When Marshall McEwan left his Mississippi hometown at eighteen, he vowed never to return. The trauma that drove him away spurred him to become one of the most successful journalists in Washington, DC. But as the ascendancy of a chaotic administration lifts him from print fame to television stardom, Marshall discovers that his father is terminally ill, and he must return home to face the unfinished business of his past. On arrival, he finds Bienville, Mississippi very much changed. His family's 150-year-old newspaper is failing; and Jet Turner, the love of his youth, has married into the family of Max Matheson, one of a dozen powerful patriarchs who rule the town through the exclusive Bienville Poker Club.
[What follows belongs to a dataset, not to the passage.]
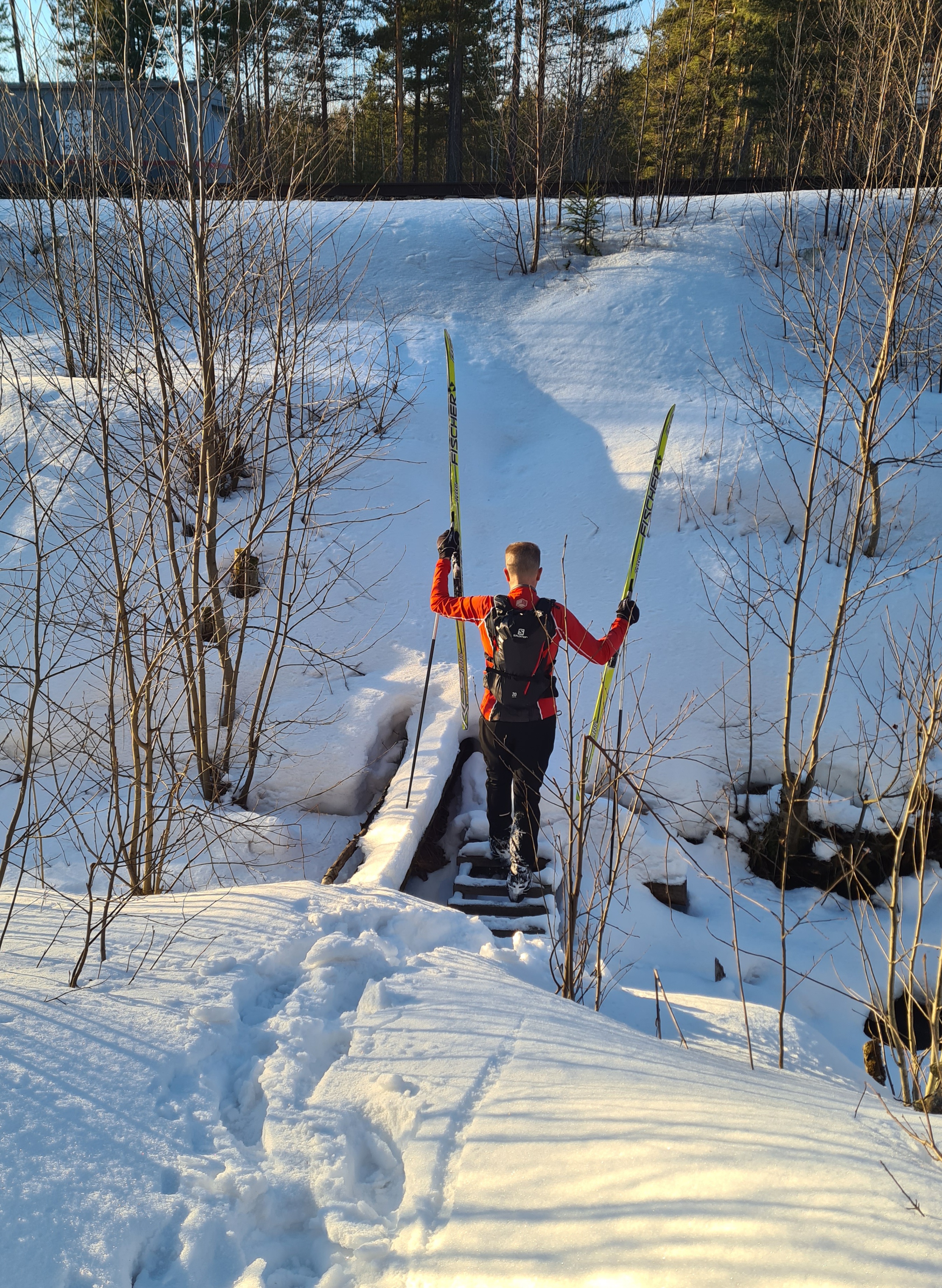 22 марта 2025. Узкий мостик через канаву вдоль ж.д. рядом с платформой 229-й км.

To Marshall's surprise,... the Poker Club has taken a town on the brink of extinction and offered it salvation, in the form of a billion-dollar Chinese paper mill. But on the verge of the deal being consummated, two murders rock Bienville to its core, threatening far more than the city's economic future. An experienced journalist, Marshall has seen firsthand how the corrosive power of money and politics can sabotage investigations. Joining forces with his former lover--who through her husband has access to the secrets of the Poker Club--Marshall begins digging for the truth behind those murders. But he and Jet soon discover that the soil of Mississippi is a minefield where explosive secrets can destroy far more than injustice. The South is a land where everyone hides truths: of blood and children, of love and shame, of hate and murder--of damnation and redemption. The Poker Club's secret reaches all the way to Washington, D.C., and could shake the foundations of the U.S. Senate. But by the time Marshall grasps the long-buried truth about his own history, he would give almost anything not to have to face it.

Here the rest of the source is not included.